Another thing I wanted to call attention to is the book cover. The top one is the British cover, the second the American. Which do you guys like better, and think will sell more books? Just about every single time I see a European cover beside an American cover, I like the European better. But maybe it’s just me.

6 Comments

  1. I love the European cover! No wonder ballet seems “dead” here and “alive” there…

  2. Homan may be a tad biased about ballet dying after Balanchine since she danced with him. Ballet may be less popular here in the States, but dance overall is booming, isn’t it? Hip hop is certainly prevalent and contemporary is getting a lot more attention because of all the television shows.

  3. I agree with you, Lizzie. For people who think that Balanchine was the epitome, well, then yes, ballet is dying. But there is so *much* going on in dance. There’s a nice quote somewhere in the new issue of Dance Magazine about how this new and young generation of dancers is going to “kill” it–I think it’s Daniel Ulbricht talking about a young NYCB dancer. I agree. If you spend time in dance studios, then you see how much cross fertilization there is in dance–including ballet–and that will only lead to new and interesting things.

    Also, Tonya, check out MaCauley’s article today on the subject. I like that he sees such promise in Ratmansky.

  4. Yeah I totally agree with you guys. According to the Bentley review (and to Haglund, who saw her appear on Charlie Rose, which I missed: http://haglundsheel.typepad.com/haglunds_heel/2010/12/the-bala-lama.html), she is really biased in favor of Balanchine. And if you’re going to define ballet totally in terms of that, they yes, it probably is dying in the U.S. given that he’s gone and there’s no choreographer today whose work is like his. But there is so much more than Balanchine!

    Marie, I’ve been so buys, but I will read that article!

  5. I know this post has been up for a year, but I wanted to let you know I just finished that book. Or, tried to, anyway. Frankly, when it got to the parts I was actually involved in, the dance boom of the 70’s and 80’s, and their choreographers, I thought she was full of it. She was downright hateful and disrespectful of some really great choreographers I danced for, (however briefly). Her venom reached its peak, IMO, when she ragged on a couple of gay choreographers who had the temerity to step out of the closet in their work. Which is weird, because she blasted Julie Kavanaugh’s biography of Rudi Nureyev, because she felt the author focused on Rudi’s sexuality too much. To be fair, she also called Macmillan’s work, “darkly violent”. Wow. He also choreographed two women dancing together romantically, which Homans described as “soft porn”. I’m guessing that that particular transgression earned the wrath of the author for the rest of his work. In short, I am amazed that the Times called her writing “detached”. Detached from what? reality?

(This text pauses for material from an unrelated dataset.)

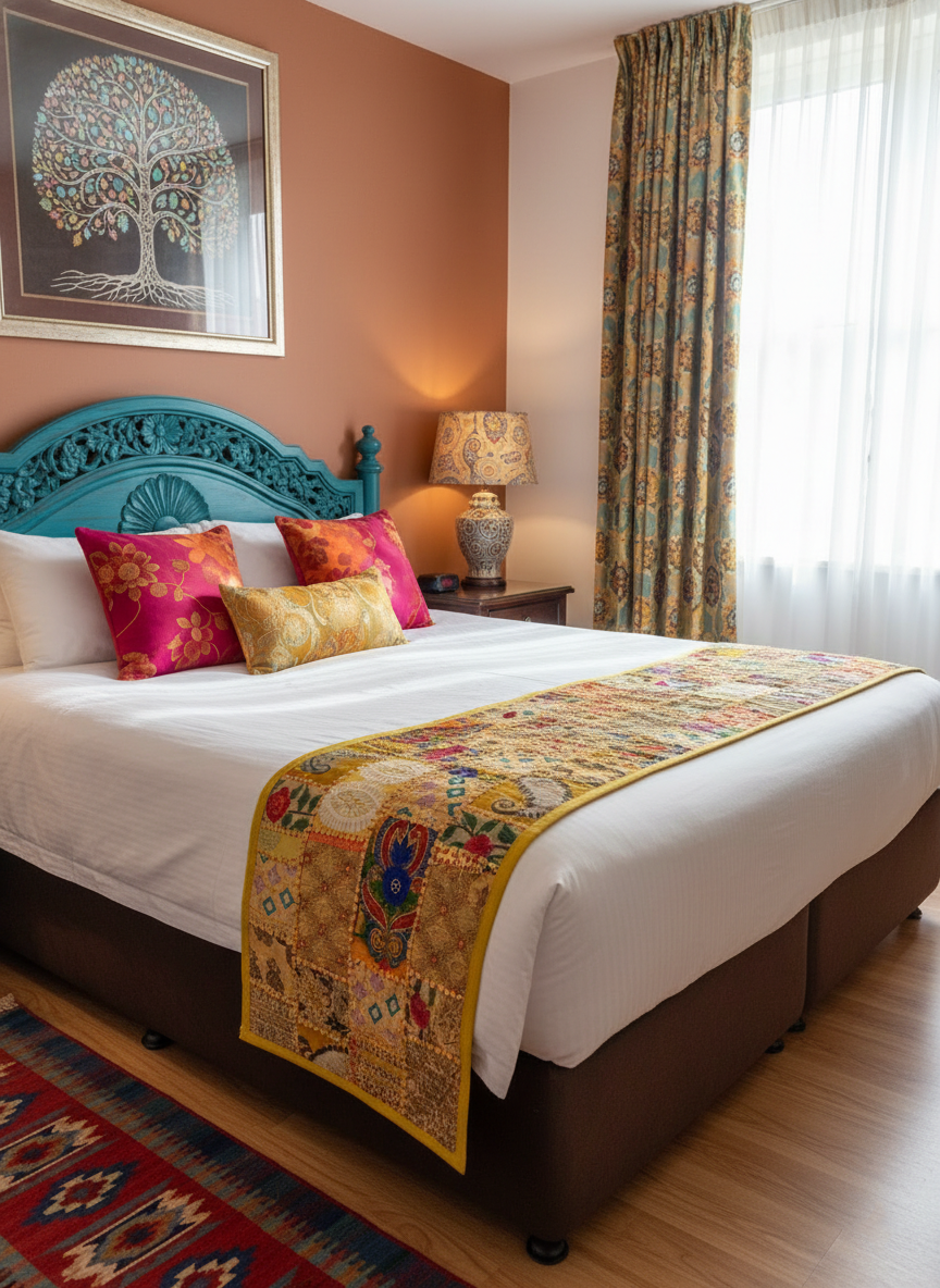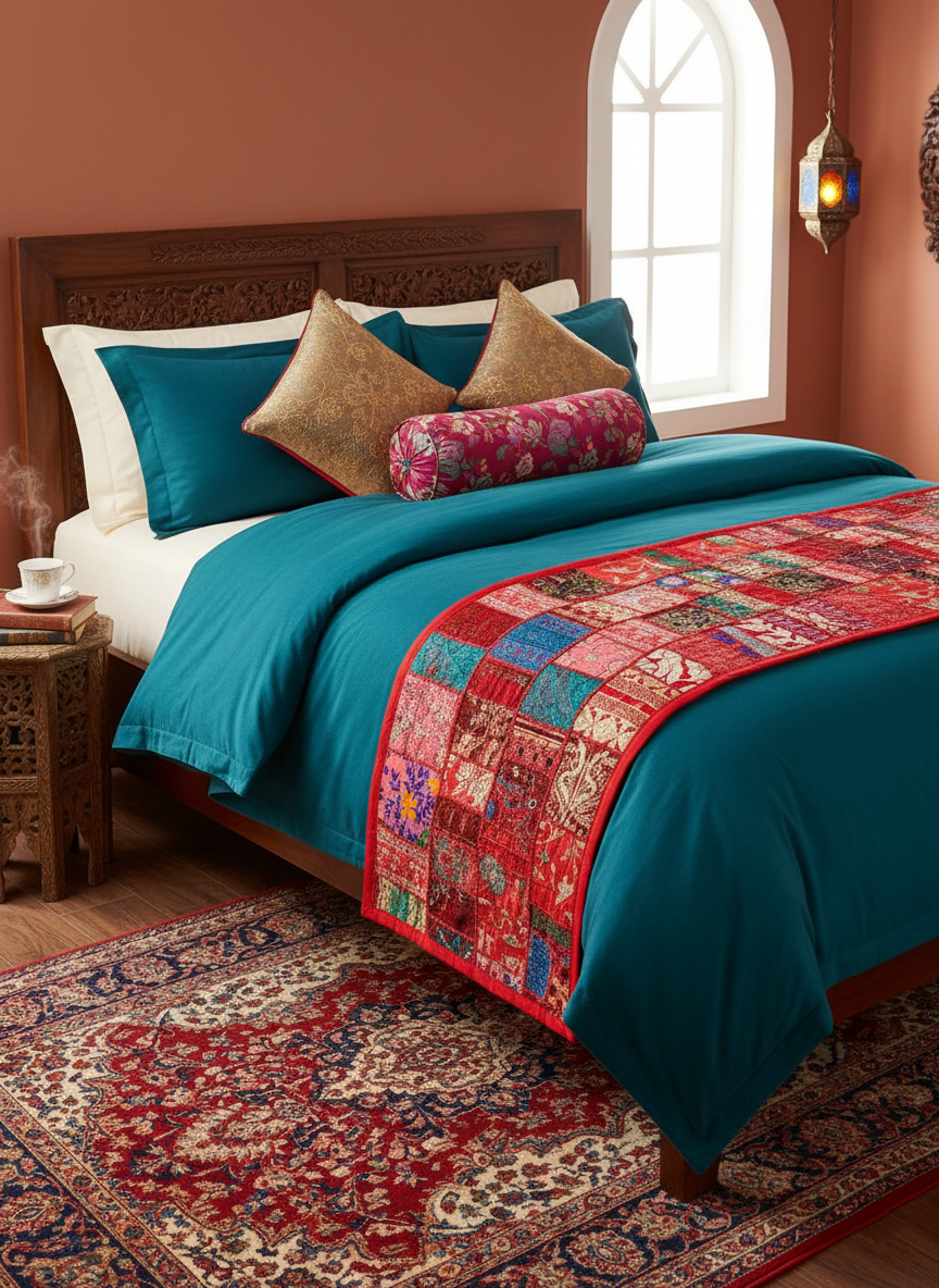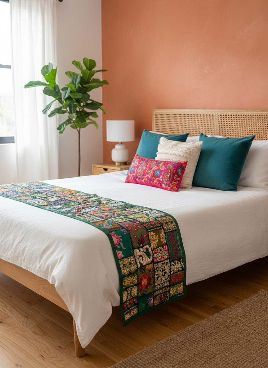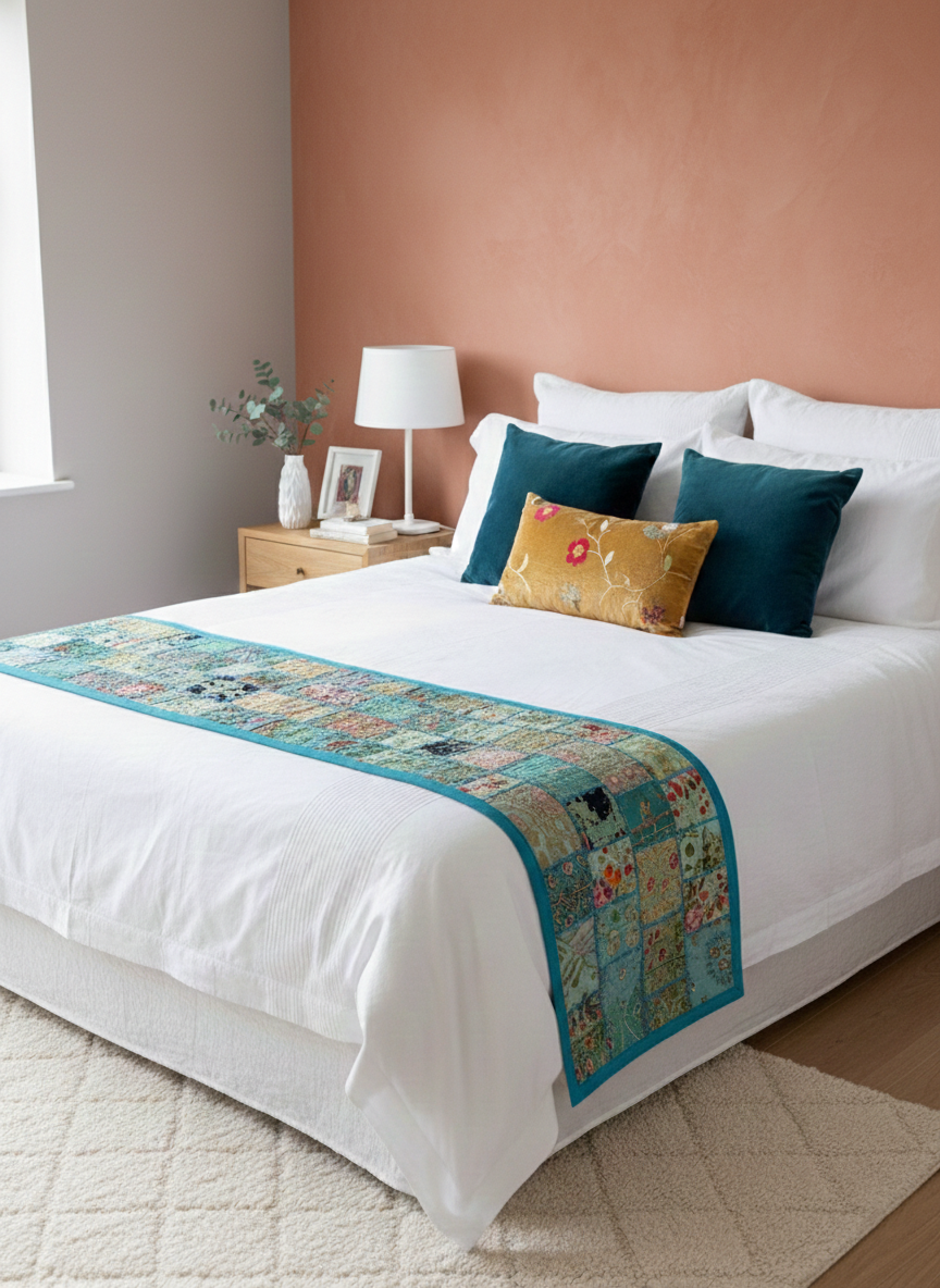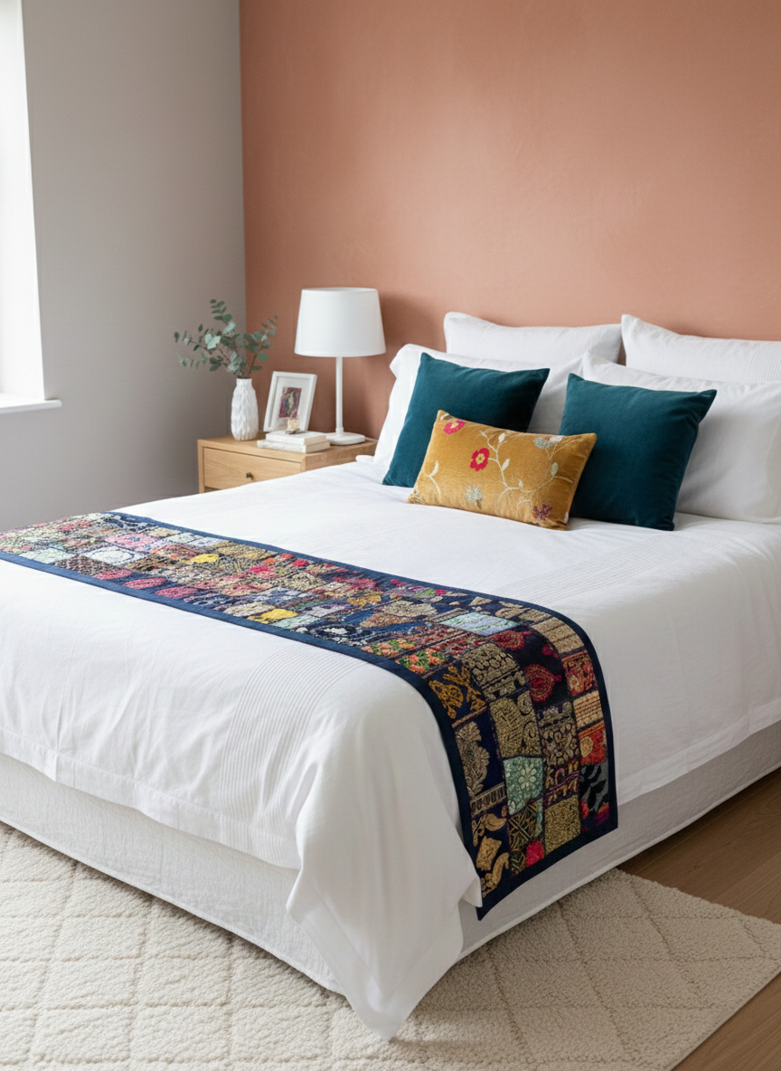 Whether draped across the foot of your bed or layered over a sofa or daybed, this patchwork runner adds depth, colour, and a sense of artisanal luxury to both modern and bohemian interiors.

    And speaking of, how can you write about the arts community (especially the dance) in the 80’s without mentioning, not even once, the plague that killed off at least two generations of talent. Talent we will never know that were mowed down in the spring of life, leaving us bare for at least a decade, and probably the biggest reason Balanchine hasn’t been replaced? Really? Really?

    I may be wrong, but history is supposed to be the chronical of what happened during a period of time. Not the disturbed ramblings of a former dancer with a P.H.D.